Why the WTO is right in the solar panel dispute

India must resist the temptation of adopting protectionist measures such as domestic content requirements which are inconsistent with its international obligations.

March 03, 2016 01:35 am | Updated November 17, 2021 03:09 am IST

In a significant ruling last week, a >World Trade Organisation (WTO) panel found that the domestic content requirement imposed under India’s national solar programme is inconsistent with its treaty obligations under the global trading regime. The ruling has been described as yet another instance of archaic trade rules trumping important climate imperatives. However, this criticism is not entirely justified.

Violation of global trading rules

Jay Sanklecha

In 2013, the U.S. brought a complaint before the WTO arguing that the domestic content requirement imposed under India’s national solar programme is in violation of the global trading rules. Specifically, it said, >India has violated its “national treatment” obligation by unfavourably discriminating against imported solar cells and modules. In other words, India was discriminating between solar cells and modules which were otherwise identical on the basis of the national ‘origin’ of the cells and modules, a clear violation of its trade commitment. India principally relied on the ‘government procurement’ justification, which permitted countries to derogate from their national treatment obligation provided that the measure was related to “the procurement by governmental agencies of products purchased for governmental purposes and not with a view to commercial resale or use in production of goods for commercial sale”. India also argued that the measure was justified under the general exceptions since it was necessary to secure compliance with its domestic and international law obligations relating to ecologically sustainable development and climate change.

The panel, in its 140-page report, examined in detail the submission of the parties and rightly concluded that India, by imposing a mandatory domestic content requirement, had violated its national treatment obligation. In so far as the government procurement derogation was concerned, the panel found that the product being subject to the domestic content requirement was solar cells and modules, but the product that was ultimately procured or purchased by the government was electricity. The domestic content requirement was therefore not an instance of “government procurement”. Finally, the panel found that since India failed to point out any specific obligation having “direct effect in India” or “forming part of its domestic legal system”, which “obligated” India to impose the particular domestic content requirement, the general exception was not available to the Indian government in the instant case.

Use of clean energy The ruling, however, has come under intense criticism, particularly from environmentalists, as undermining India’s efforts towards promoting the use of clean energy. However, there appears to be no rational basis for how mandatory local content requirements contribute towards promoting the use of clean energy. If the objective is to produce more clean energy, then solar power producers should be free to choose energy-generation equipment on the basis of price and quality, irrespective of whether they are manufactured locally or not. In fact, by mandatorily requiring solar power producers to buy locally, the government is imposing an additional cost, usually passed on to the ultimate consumer, for the production of clean energy. The decision may therefore stand to benefit the interest of the ultimate consumer. It is entirely possible to give preferential treatment to clean energies (in the form of tax rebates for solar power producers and so on) without requiring mandatory local content. Perhaps, what is even more instructive is the fact that India during its submissions before the WTO did not invoke the general exceptions under article XX(b) or (g) of the General Agreement on Tariffs and Trade typically relied upon in trade disputes by parties seeking to protect their domestic regulations on ‘environmental’ or ‘health’ grounds. India therefore did not itself believe that the local content requirement under the programme was imposed for the ‘conservation’ of ‘clean air’.

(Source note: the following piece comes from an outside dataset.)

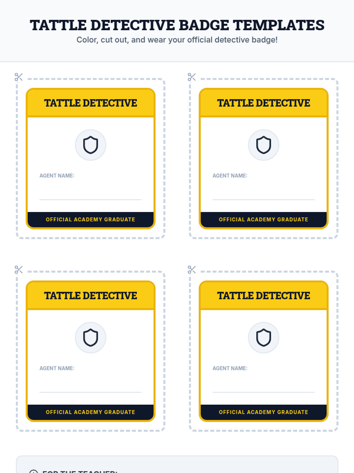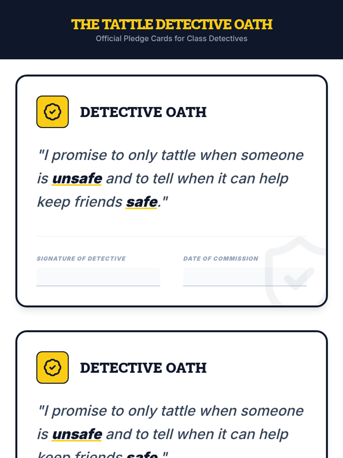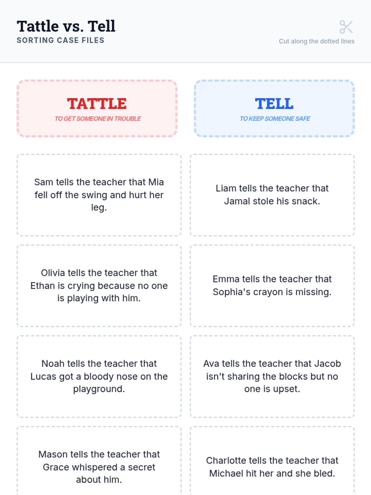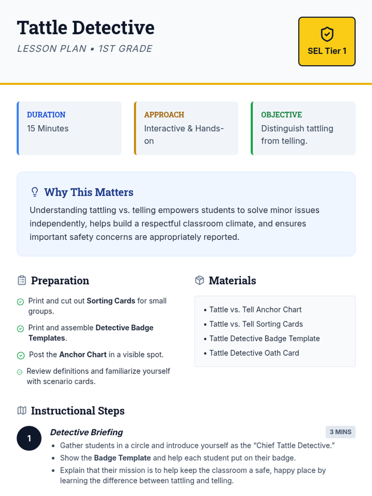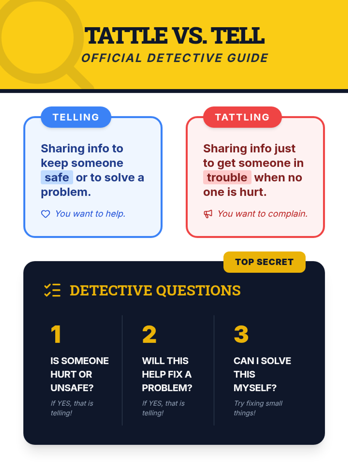 A social-emotional learning lesson for 1st graders to distinguish between 'tattling' (reporting to get someone in trouble) and 'telling' (reporting to keep someone safe). Students earn their 'Tattle Detective' badges by practicing with real-world scenarios.

>The panel ruling, however, is not final and reports indicate that India will prefer an appeal to the appellate body. Simultaneously, India may be exploring the option of filing a counter complaint against the U.S., with several states in the U.S. such as Michigan, Texas and California having also reportedly been accused of employing mandatory local content requirements in the renewable energies sector.

Nevertheless, amidst the cacophony of the Prime Minister’s ‘Make in India’ campaign, India must resist the temptation of adopting protectionist measures such as domestic content requirements which are inconsistent with its international obligations. Domestic content measures, despite their immediate political gains, have a tendency to skew competition. Manufacturers must remain free to select inputs based solely on quality and price, irrespective of the origin. The Modi government must continue working towards building a business and regulatory environment which is conducive to manufacturing. This would require systemic changes in the form of simpler, transparent and consistent laws and effective dispute resolution mechanisms.

(Jay Manoj Sanklecha is a graduate of the West Bengal National University of Juridical Sciences, Kolkata, and is working with a law firm in Mumbai.)